The innovative Heap Optimizer-based Self-Systematized Neural Fuzzy (HO-SsNF) method presents a significant advancement in cervical cancer detection, offering a solution to the limitations of conventional cytological methods. With an impressive 99.6% accuracy in classifying cervical cancer cells using the Herlev Pap Smear database, this method showcases its superiority through comparative analyses. The integration of this algorithm into cervical cancer diagnosis centers, accessible through smartphone applications, with minimal resource demands, revolutionizes the approach to early detection and precise treatment of cervical cancer. These findings have profound implications for clinical practice, offering a highly accurate and accessible tool for cervical cancer diagnosis, and for further research, providing a foundation for advancing cancer prevention methods.

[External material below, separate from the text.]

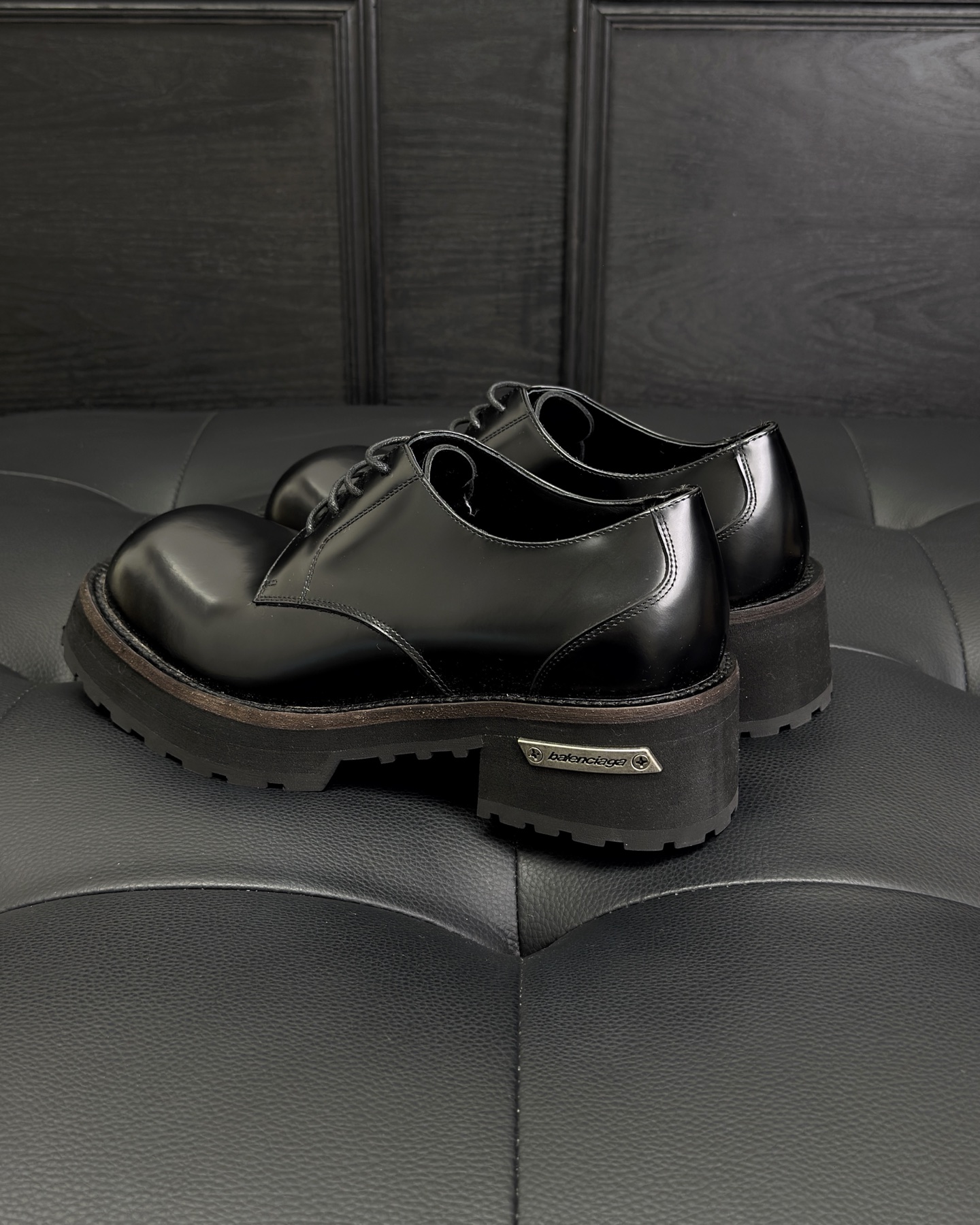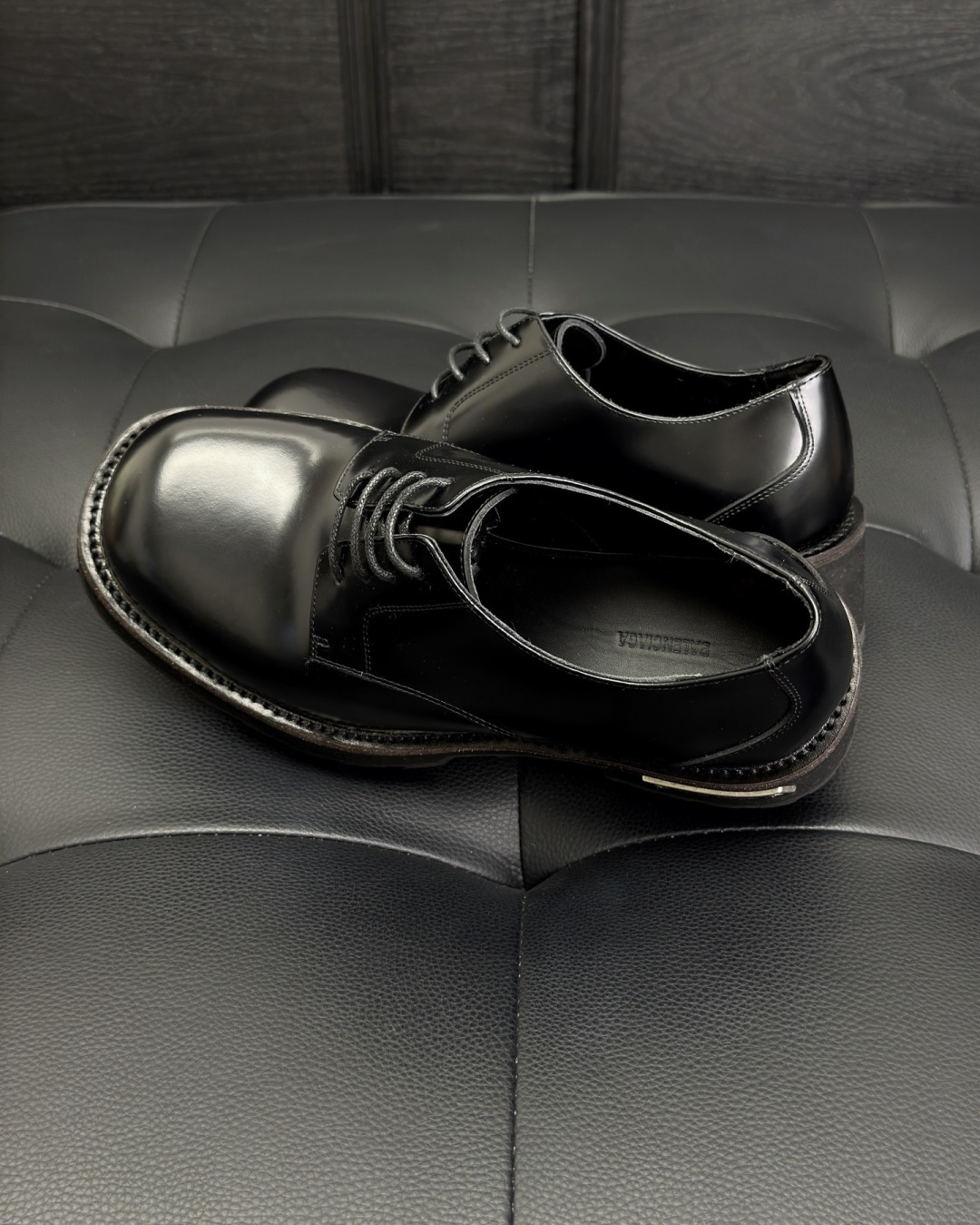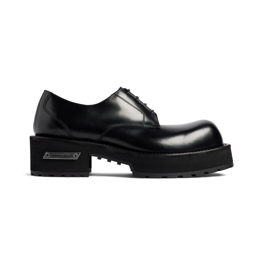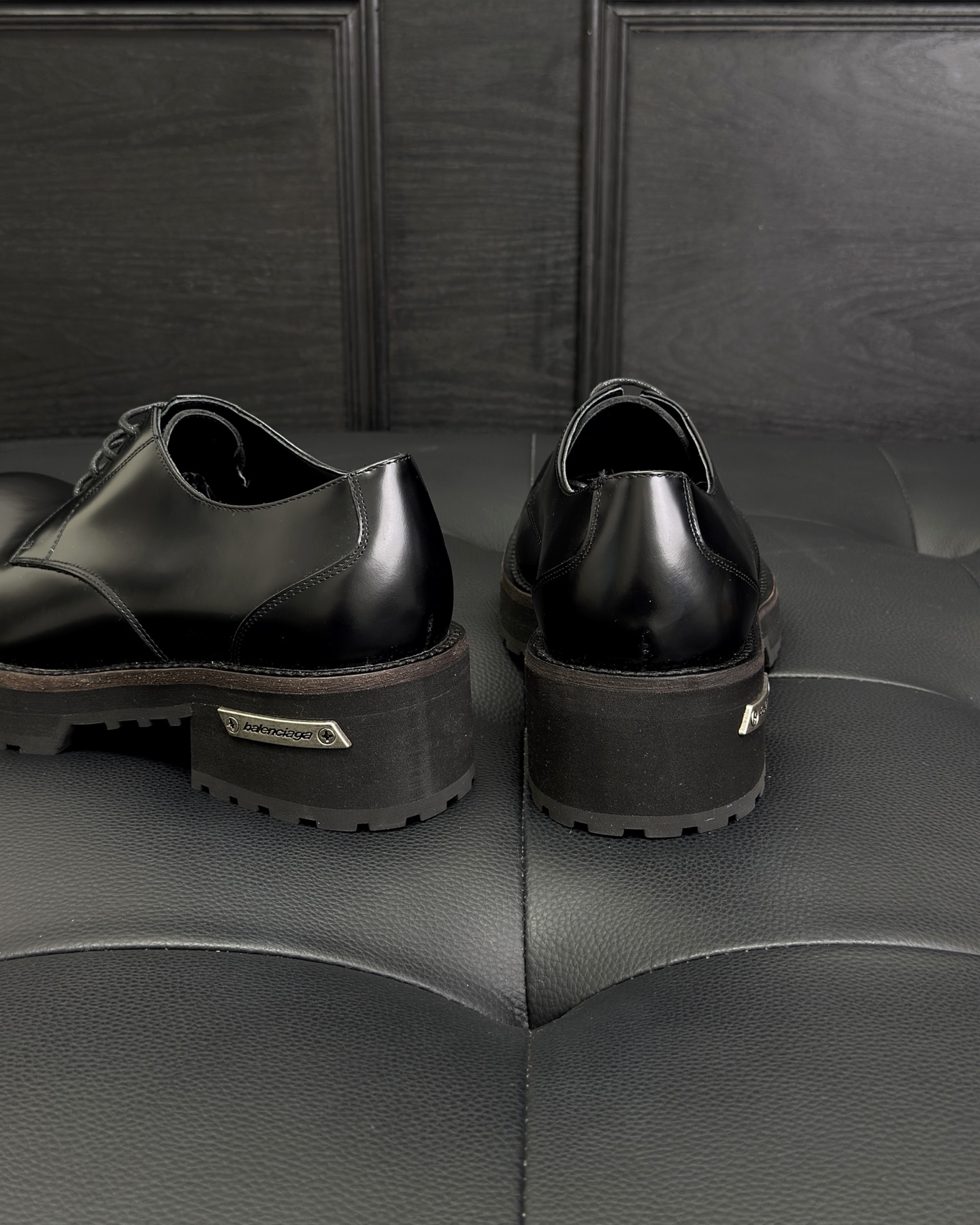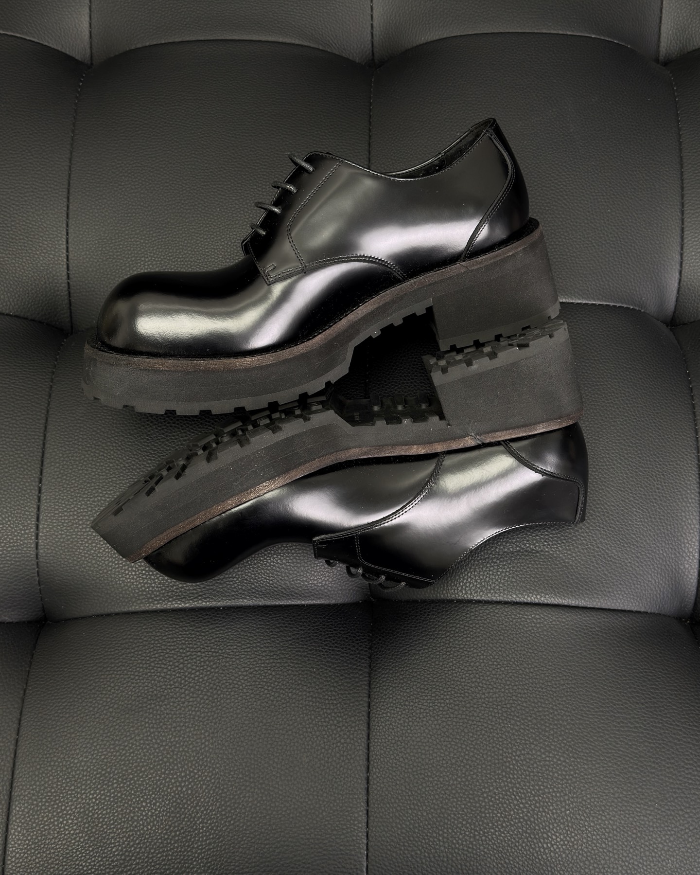 Giày Derby nam Balenciaga VENOM. Mũi giày tròn lớn 20mm với 4 lỗ xỏ dây và kiểu buộc dây. Mặt ngoài đế giày được trang trí bằng một tấm bảng tên cổ điển khắc logo Balenciaga. Đế màu đen. Kích cỡ: 39 40 41 42 43 44 45 46.

Its innovative use of Heap Optimizer-based segmentation and Self-Systematized Neural Fuzzy classification presents a novel approach in this field. By employing Gray-Level Co-Occurrence Matrix (GLCM) and Local Binary Pattern (LBP) for feature extraction, the method offers a comprehensive analysis of cell images. Comparative analyses against conventional cytological methods demonstrate the method’s superiority. However, limitations include its use of the Herlev Pap Smear database, which may not fully represent clinical diversity, necessitating further validation. While integrated into smartphone applications for practical use, the algorithm’s resource-intensive nature during implementation and training requires consideration. Additionally, its performance in diverse populations and real-world scenarios needs evaluation, along with clinical validation to confirm reliability. The complexity of the Self-Systematized Neural Fuzzy classifier may also affect its interpretability and acceptance compared to simpler models.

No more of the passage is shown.